*GIVEN MATERIAL*:
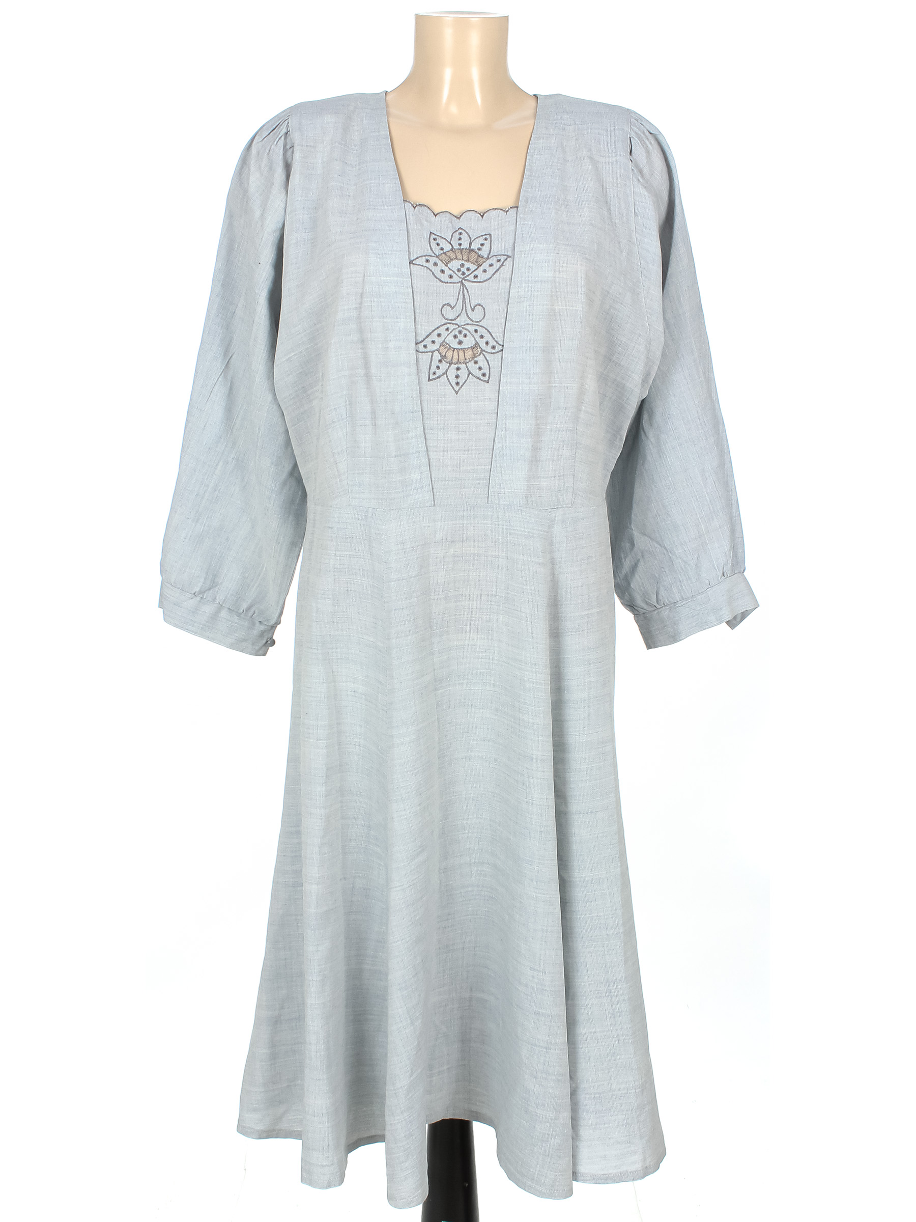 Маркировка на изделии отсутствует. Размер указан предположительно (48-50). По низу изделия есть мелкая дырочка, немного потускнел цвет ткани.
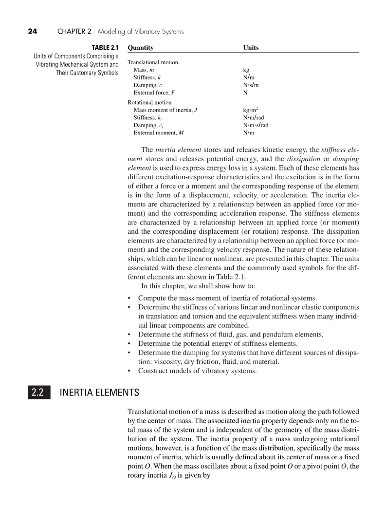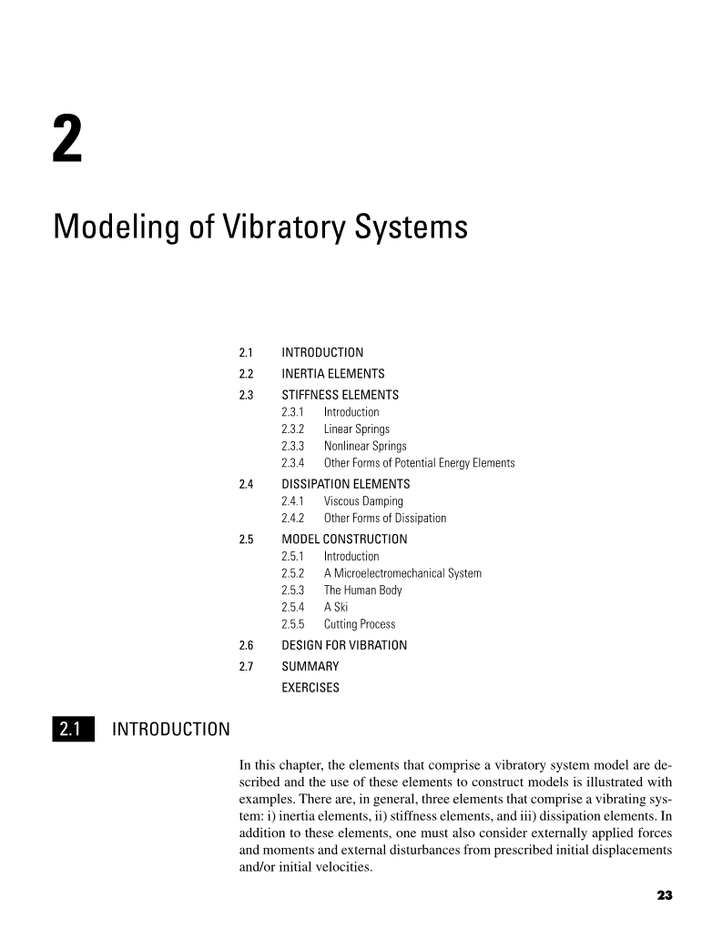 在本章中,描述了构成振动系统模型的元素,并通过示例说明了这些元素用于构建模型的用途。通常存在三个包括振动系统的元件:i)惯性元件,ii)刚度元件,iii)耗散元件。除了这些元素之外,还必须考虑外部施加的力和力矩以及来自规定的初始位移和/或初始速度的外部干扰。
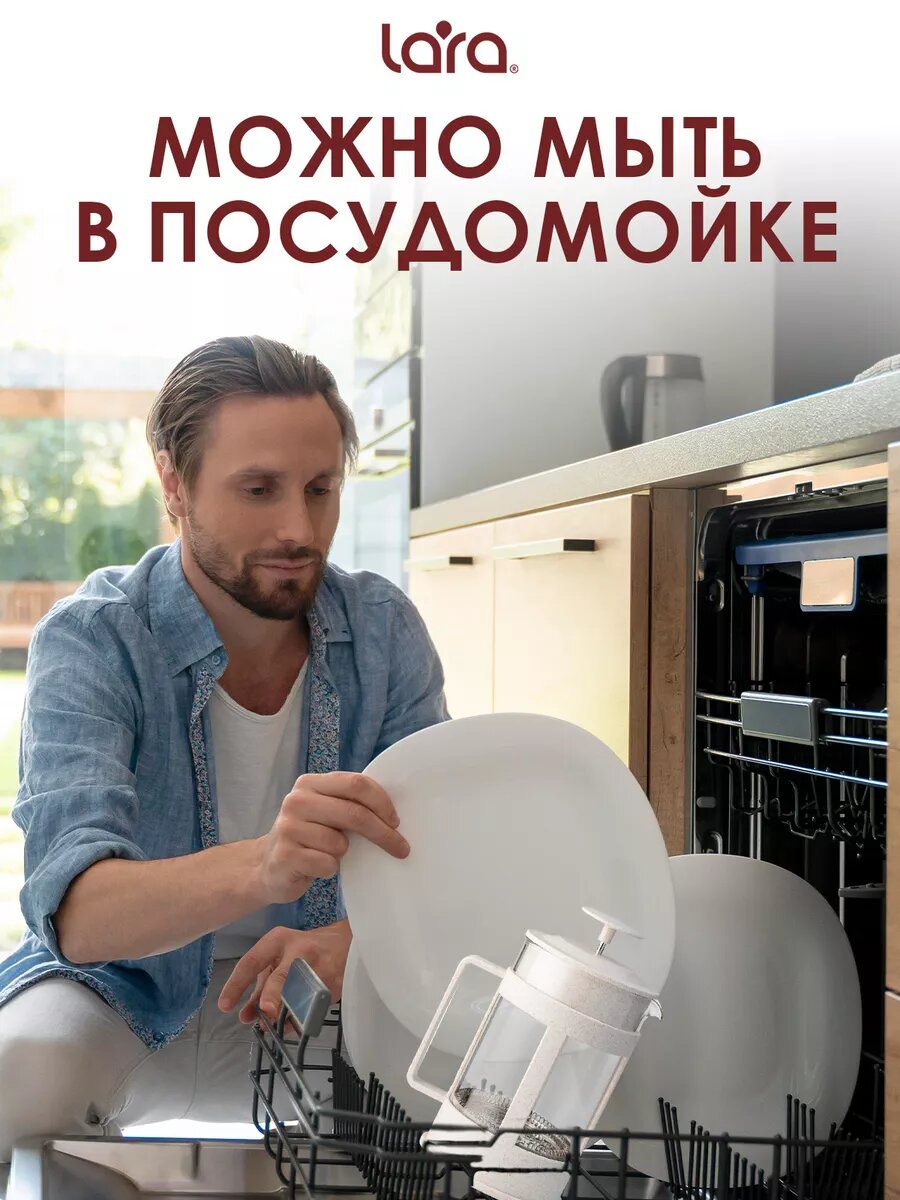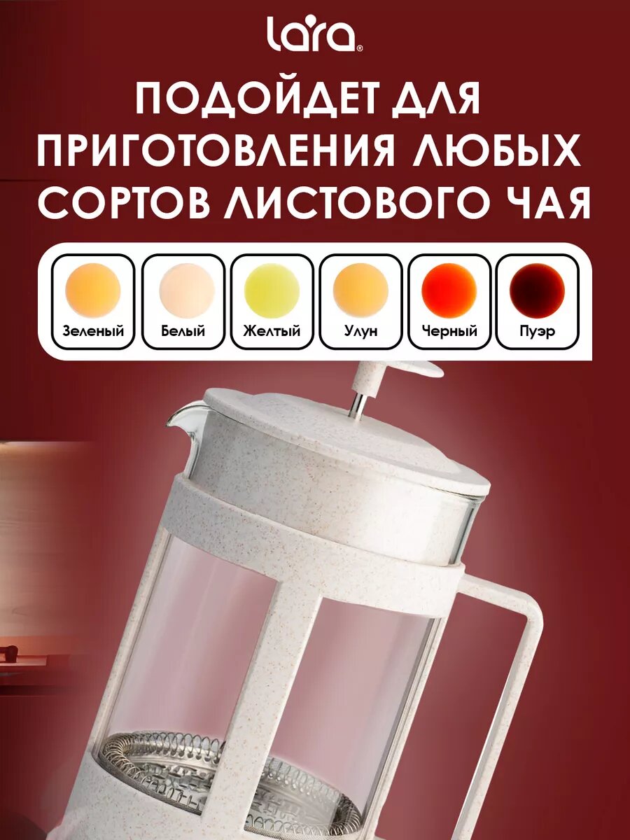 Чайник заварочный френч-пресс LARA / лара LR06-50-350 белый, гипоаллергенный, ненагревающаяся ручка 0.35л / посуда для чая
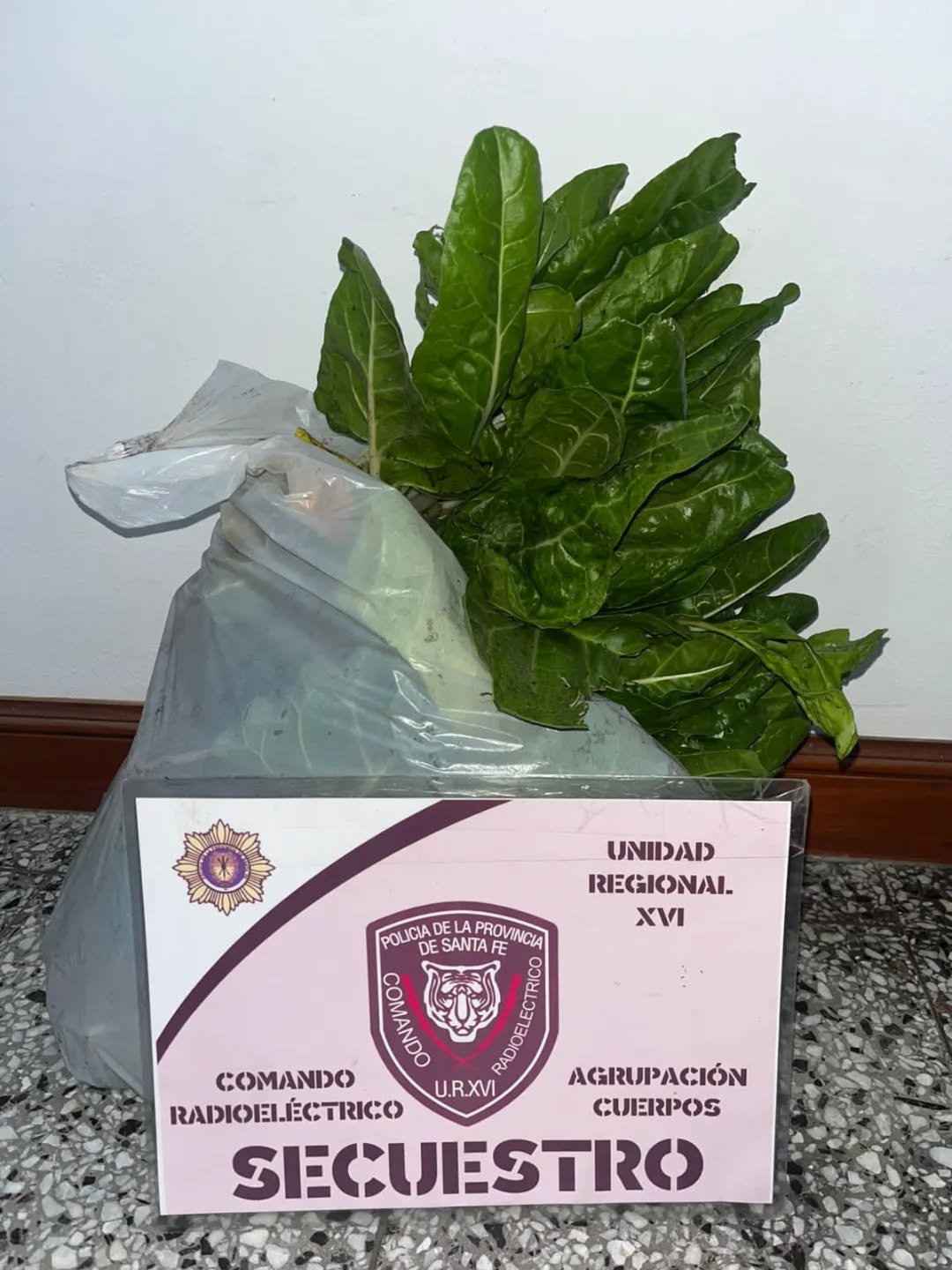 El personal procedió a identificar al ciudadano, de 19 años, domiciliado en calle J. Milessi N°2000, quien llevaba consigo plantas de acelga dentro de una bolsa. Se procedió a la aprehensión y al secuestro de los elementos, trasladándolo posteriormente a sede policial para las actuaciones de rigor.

*REQUIRED ACTION*: Your copy of the data should match it exactly, apart from the images, which are omitted.

*WRITTEN SOLUTION*:
 Маркировка на изделии отсутствует. Размер указан предположительно (48-50). По низу изделия есть мелкая дырочка, немного потускнел цвет ткани.
 在本章中,描述了构成振动系统模型的元素,并通过示例说明了这些元素用于构建模型的用途。通常存在三个包括振动系统的元件:i)惯性元件,ii)刚度元件,iii)耗散元件。除了这些元素之外,还必须考虑外部施加的力和力矩以及来自规定的初始位移和/或初始速度的外部干扰。
 Чайник заварочный френч-пресс LARA / лара LR06-50-350 белый, гипоаллергенный, ненагревающаяся ручка 0.35л / посуда для чая
 El personal procedió a identificar al ciudadano, de 19 años, domiciliado en calle J. Milessi N°2000, quien llevaba consigo plantas de acelga dentro de una bolsa. Se procedió a la aprehensión y al secuestro de los elementos, trasladándolo posteriormente a sede policial para las actuaciones de rigor.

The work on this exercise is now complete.